---- Dataset

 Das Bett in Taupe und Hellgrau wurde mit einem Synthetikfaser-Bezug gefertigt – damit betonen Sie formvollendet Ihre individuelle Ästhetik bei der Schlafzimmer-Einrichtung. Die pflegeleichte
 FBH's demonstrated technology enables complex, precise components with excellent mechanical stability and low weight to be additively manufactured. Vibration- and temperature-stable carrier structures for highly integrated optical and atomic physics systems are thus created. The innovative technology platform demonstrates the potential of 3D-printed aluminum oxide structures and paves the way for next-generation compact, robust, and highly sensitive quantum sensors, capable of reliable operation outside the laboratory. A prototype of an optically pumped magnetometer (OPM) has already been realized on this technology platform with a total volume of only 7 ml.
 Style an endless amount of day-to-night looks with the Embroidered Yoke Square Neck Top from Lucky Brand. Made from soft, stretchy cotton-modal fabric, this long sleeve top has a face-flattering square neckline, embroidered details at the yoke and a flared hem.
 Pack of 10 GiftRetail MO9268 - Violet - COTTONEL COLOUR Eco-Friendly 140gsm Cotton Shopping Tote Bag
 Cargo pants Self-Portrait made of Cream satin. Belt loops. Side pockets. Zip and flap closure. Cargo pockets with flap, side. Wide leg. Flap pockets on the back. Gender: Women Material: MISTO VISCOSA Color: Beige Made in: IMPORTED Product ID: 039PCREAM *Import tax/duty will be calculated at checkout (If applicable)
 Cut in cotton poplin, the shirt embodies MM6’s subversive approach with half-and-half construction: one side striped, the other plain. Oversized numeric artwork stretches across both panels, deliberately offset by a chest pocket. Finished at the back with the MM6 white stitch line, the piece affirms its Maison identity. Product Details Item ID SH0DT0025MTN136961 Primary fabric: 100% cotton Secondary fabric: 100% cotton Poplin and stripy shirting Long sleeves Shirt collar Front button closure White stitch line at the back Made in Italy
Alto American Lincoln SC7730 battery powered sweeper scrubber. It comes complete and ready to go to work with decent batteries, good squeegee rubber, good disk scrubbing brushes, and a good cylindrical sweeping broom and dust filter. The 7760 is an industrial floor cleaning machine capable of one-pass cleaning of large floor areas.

--------

[What is being asked]:
All lines from the line containing "Cargo pants Self-Portrait" through the last line of the data are to be repeated exactly; no other line belongs in the answer.

[Answer for the task]:
 Cargo pants Self-Portrait made of Cream satin. Belt loops. Side pockets. Zip and flap closure. Cargo pockets with flap, side. Wide leg. Flap pockets on the back. Gender: Women Material: MISTO VISCOSA Color: Beige Made in: IMPORTED Product ID: 039PCREAM *Import tax/duty will be calculated at checkout (If applicable)
 Cut in cotton poplin, the shirt embodies MM6’s subversive approach with half-and-half construction: one side striped, the other plain. Oversized numeric artwork stretches across both panels, deliberately offset by a chest pocket. Finished at the back with the MM6 white stitch line, the piece affirms its Maison identity. Product Details Item ID SH0DT0025MTN136961 Primary fabric: 100% cotton Secondary fabric: 100% cotton Poplin and stripy shirting Long sleeves Shirt collar Front button closure White stitch line at the back Made in Italy
Alto American Lincoln SC7730 battery powered sweeper scrubber. It comes complete and ready to go to work with decent batteries, good squeegee rubber, good disk scrubbing brushes, and a good cylindrical sweeping broom and dust filter. The 7760 is an industrial floor cleaning machine capable of one-pass cleaning of large floor areas.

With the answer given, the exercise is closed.